中文简介:跨 Claude Code / Codex / OpenClaw 的 AI 自审 skill。主 agent 在给出高风险答案(算法 / 机制 / 数字 / 正确性声明)前,spawn 一个 subagent 在不看草稿的前提下独立重解同一个问题,再 spawn 一个跨方法 probe,三路机械对照。每条设计决定都有论文背书,对协议局限性诚实承认。
When an AI agent produces a high-stakes answer — algorithm correctness, mechanism design, a numeric estimate, a "this is safe / optimal" claim — and you can't simply run a test, the conventional wisdom is "just ask the AI to check itself."
Empirical research consistently shows this fails structurally, not just occasionally:
- Refinement-aware bias — same content scored higher when labeled "revised"
- CoT trust — judges believe shown reasoning traces as ground truth (false-positive rate up to 90%)
- Sycophancy — multi-turn pushback flips answers ~3× more than direct questioning
- Self-preference / perplexity bias — models systematically under-flag errors typical of their own training distribution
- Answer wavering — multi-round critique echo-chambers instead of converging
- Intrinsic self-correction degrades reasoning accuracy on average (Huang et al., ICLR 2024)
Critique-of-draft is structurally broken. The structural fix that survives the literature: independent re-solve, then mechanically compare.
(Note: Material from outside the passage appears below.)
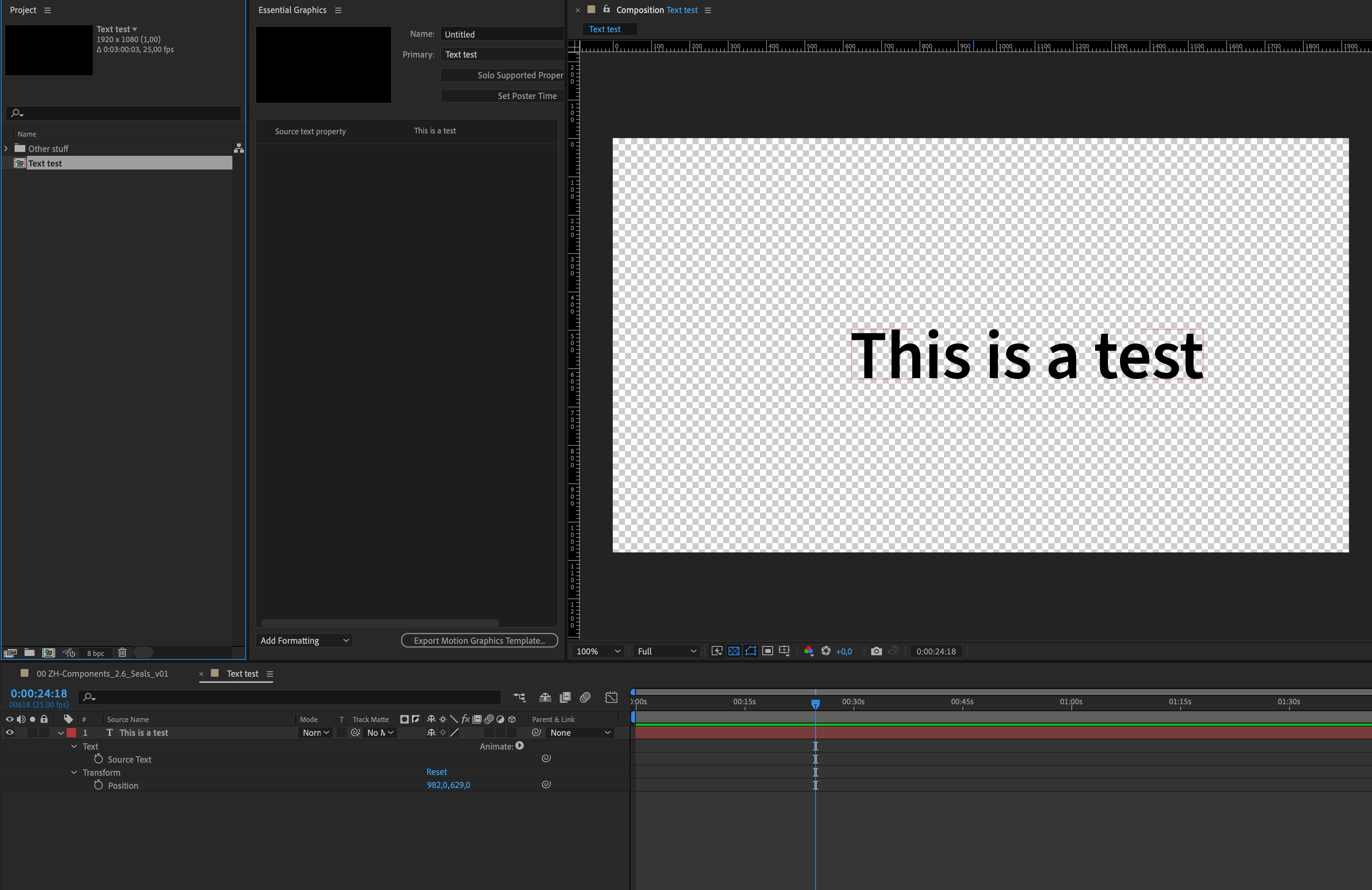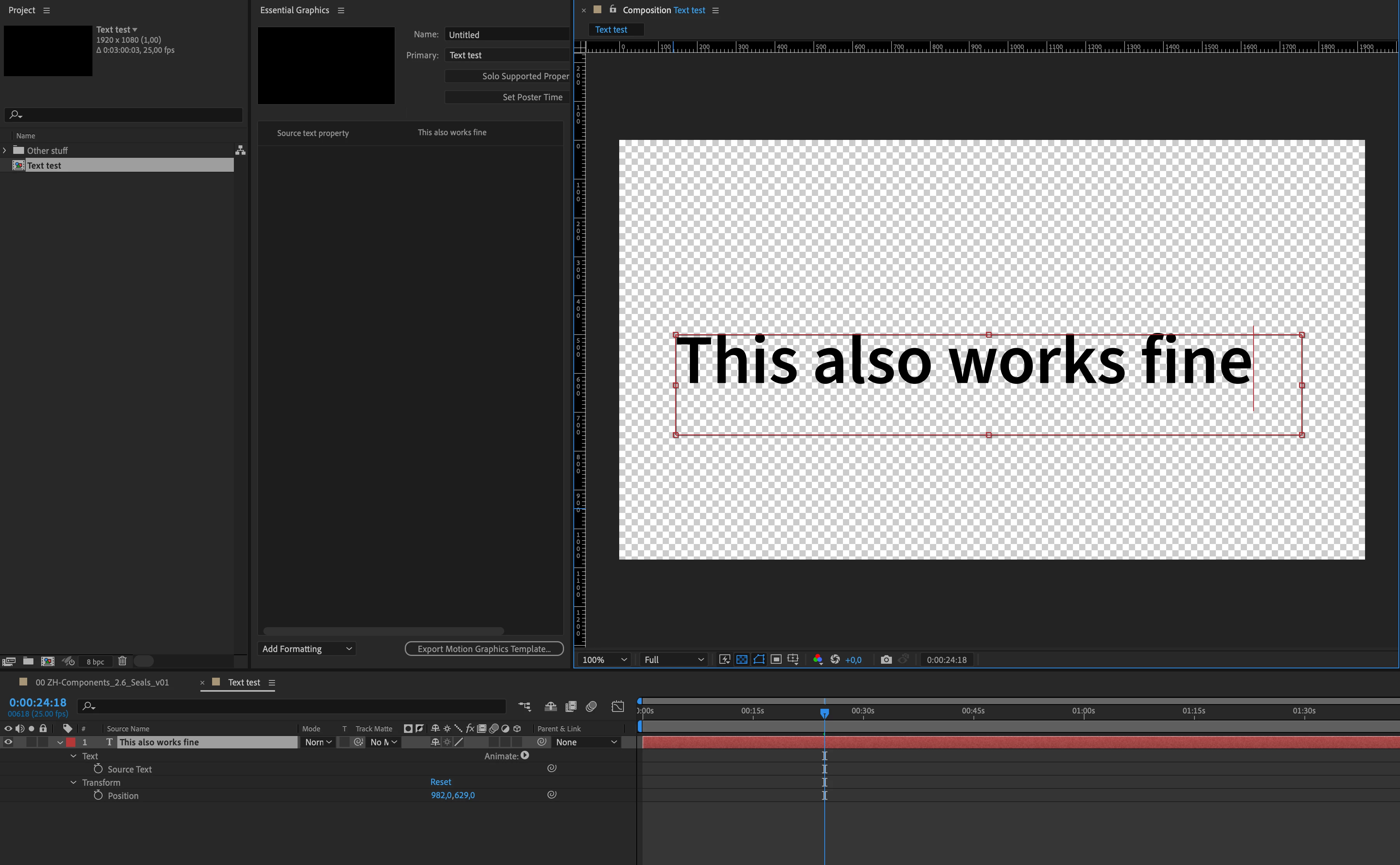 But if I want to edit the text via the Essential Properties panel, and push to primary comp, I get the following error "After effects error: internal verification error (unexpected match name searched for in group (29 :: 0)" and it deletes the text layer, and sometimes AE even crashes completely.

This mirrors what works in mature human audit domains: reperformance > inquiry in financial audit; replication > peer review; kernel-check > read-the-proof. Step-checking inherits the auditee's blind spots.
audit-loop (default, budget-balanced — handles ~95% of cases):
- Triage — empirically testable? Run the test instead. Trivial? Skip. Otherwise continue.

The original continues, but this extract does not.